■ Work to complete
Please transcribe only the lines from the one holding "This study analyzes" through the final line of the data, both included, with no pictures.

Data provided below:

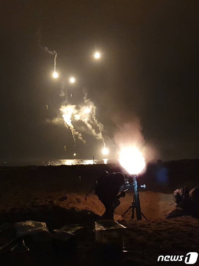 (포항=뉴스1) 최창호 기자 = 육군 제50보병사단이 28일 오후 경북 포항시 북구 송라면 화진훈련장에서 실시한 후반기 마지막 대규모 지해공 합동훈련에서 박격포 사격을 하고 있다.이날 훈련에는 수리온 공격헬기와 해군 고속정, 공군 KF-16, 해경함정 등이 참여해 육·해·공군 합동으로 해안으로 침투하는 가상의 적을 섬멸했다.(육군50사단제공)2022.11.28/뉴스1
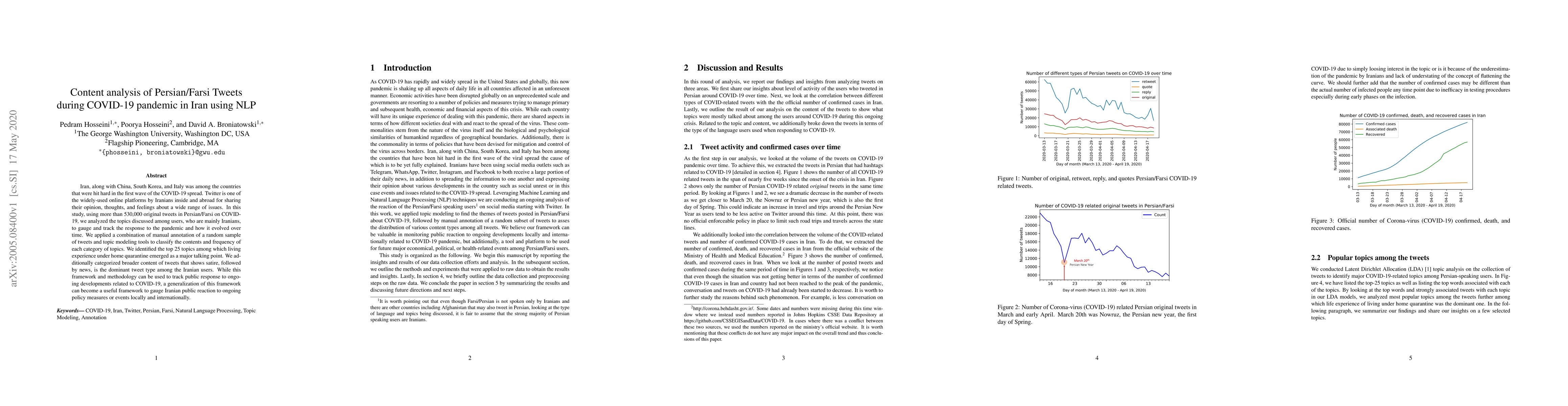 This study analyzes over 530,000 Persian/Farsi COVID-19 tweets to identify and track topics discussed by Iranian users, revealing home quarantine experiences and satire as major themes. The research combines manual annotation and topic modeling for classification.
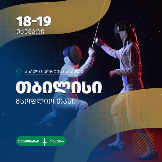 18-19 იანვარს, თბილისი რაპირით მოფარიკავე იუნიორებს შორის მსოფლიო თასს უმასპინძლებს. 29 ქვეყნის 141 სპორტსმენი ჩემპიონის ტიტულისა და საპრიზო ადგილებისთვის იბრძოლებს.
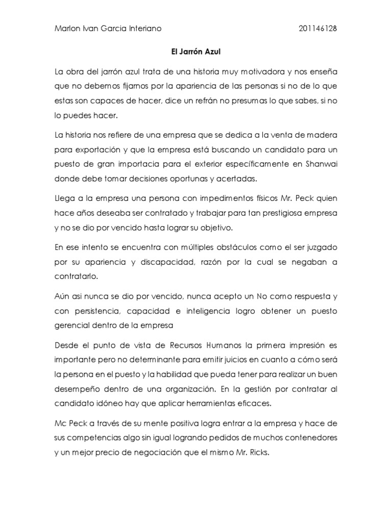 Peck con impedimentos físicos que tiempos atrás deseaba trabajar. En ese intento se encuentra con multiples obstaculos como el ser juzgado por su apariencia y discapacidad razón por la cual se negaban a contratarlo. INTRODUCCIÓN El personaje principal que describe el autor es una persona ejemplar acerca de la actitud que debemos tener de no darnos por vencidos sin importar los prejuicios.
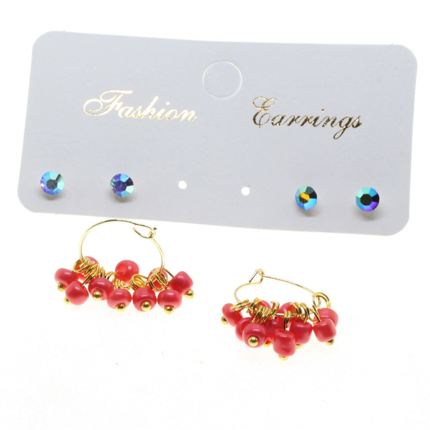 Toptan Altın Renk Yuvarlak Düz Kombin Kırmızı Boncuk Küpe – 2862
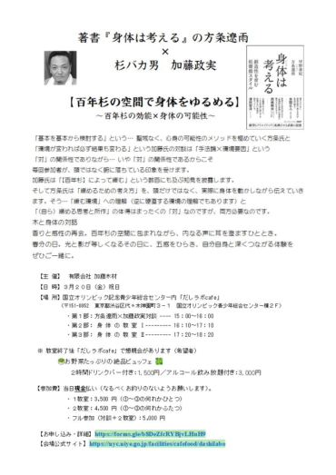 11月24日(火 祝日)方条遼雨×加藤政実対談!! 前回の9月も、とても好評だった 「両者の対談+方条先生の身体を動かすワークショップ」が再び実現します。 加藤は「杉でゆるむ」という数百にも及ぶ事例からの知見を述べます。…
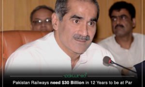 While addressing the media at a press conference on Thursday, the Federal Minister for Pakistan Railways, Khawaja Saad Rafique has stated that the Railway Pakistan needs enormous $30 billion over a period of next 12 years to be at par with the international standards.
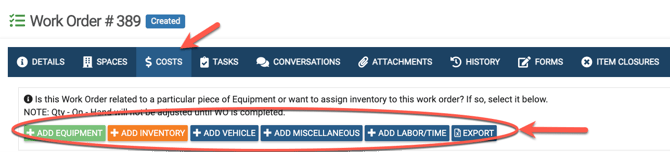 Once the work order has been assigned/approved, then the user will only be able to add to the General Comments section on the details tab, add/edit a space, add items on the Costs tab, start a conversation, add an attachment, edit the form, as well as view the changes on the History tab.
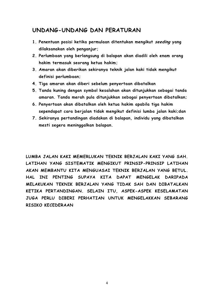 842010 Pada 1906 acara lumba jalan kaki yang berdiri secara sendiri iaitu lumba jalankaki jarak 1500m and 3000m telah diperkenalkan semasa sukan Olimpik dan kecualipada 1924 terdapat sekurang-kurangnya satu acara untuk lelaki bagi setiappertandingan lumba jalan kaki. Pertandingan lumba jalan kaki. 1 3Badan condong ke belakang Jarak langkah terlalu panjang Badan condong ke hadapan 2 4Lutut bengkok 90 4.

End of Data provided.

■ Response to the task
 This study analyzes over 530,000 Persian/Farsi COVID-19 tweets to identify and track topics discussed by Iranian users, revealing home quarantine experiences and satire as major themes. The research combines manual annotation and topic modeling for classification.
 18-19 იანვარს, თბილისი რაპირით მოფარიკავე იუნიორებს შორის მსოფლიო თასს უმასპინძლებს. 29 ქვეყნის 141 სპორტსმენი ჩემპიონის ტიტულისა და საპრიზო ადგილებისთვის იბრძოლებს.
 Peck con impedimentos físicos que tiempos atrás deseaba trabajar. En ese intento se encuentra con multiples obstaculos como el ser juzgado por su apariencia y discapacidad razón por la cual se negaban a contratarlo. INTRODUCCIÓN El personaje principal que describe el autor es una persona ejemplar acerca de la actitud que debemos tener de no darnos por vencidos sin importar los prejuicios.
 Toptan Altın Renk Yuvarlak Düz Kombin Kırmızı Boncuk Küpe – 2862
 11月24日(火 祝日)方条遼雨×加藤政実対談!! 前回の9月も、とても好評だった 「両者の対談+方条先生の身体を動かすワークショップ」が再び実現します。 加藤は「杉でゆるむ」という数百にも及ぶ事例からの知見を述べます。…
 While addressing the media at a press conference on Thursday, the Federal Minister for Pakistan Railways, Khawaja Saad Rafique has stated that the Railway Pakistan needs enormous $30 billion over a period of next 12 years to be at par with the international standards.
 Once the work order has been assigned/approved, then the user will only be able to add to the General Comments section on the details tab, add/edit a space, add items on the Costs tab, start a conversation, add an attachment, edit the form, as well as view the changes on the History tab.
 842010 Pada 1906 acara lumba jalan kaki yang berdiri secara sendiri iaitu lumba jalankaki jarak 1500m and 3000m telah diperkenalkan semasa sukan Olimpik dan kecualipada 1924 terdapat sekurang-kurangnya satu acara untuk lelaki bagi setiappertandingan lumba jalan kaki. Pertandingan lumba jalan kaki. 1 3Badan condong ke belakang Jarak langkah terlalu panjang Badan condong ke hadapan 2 4Lutut bengkok 90 4.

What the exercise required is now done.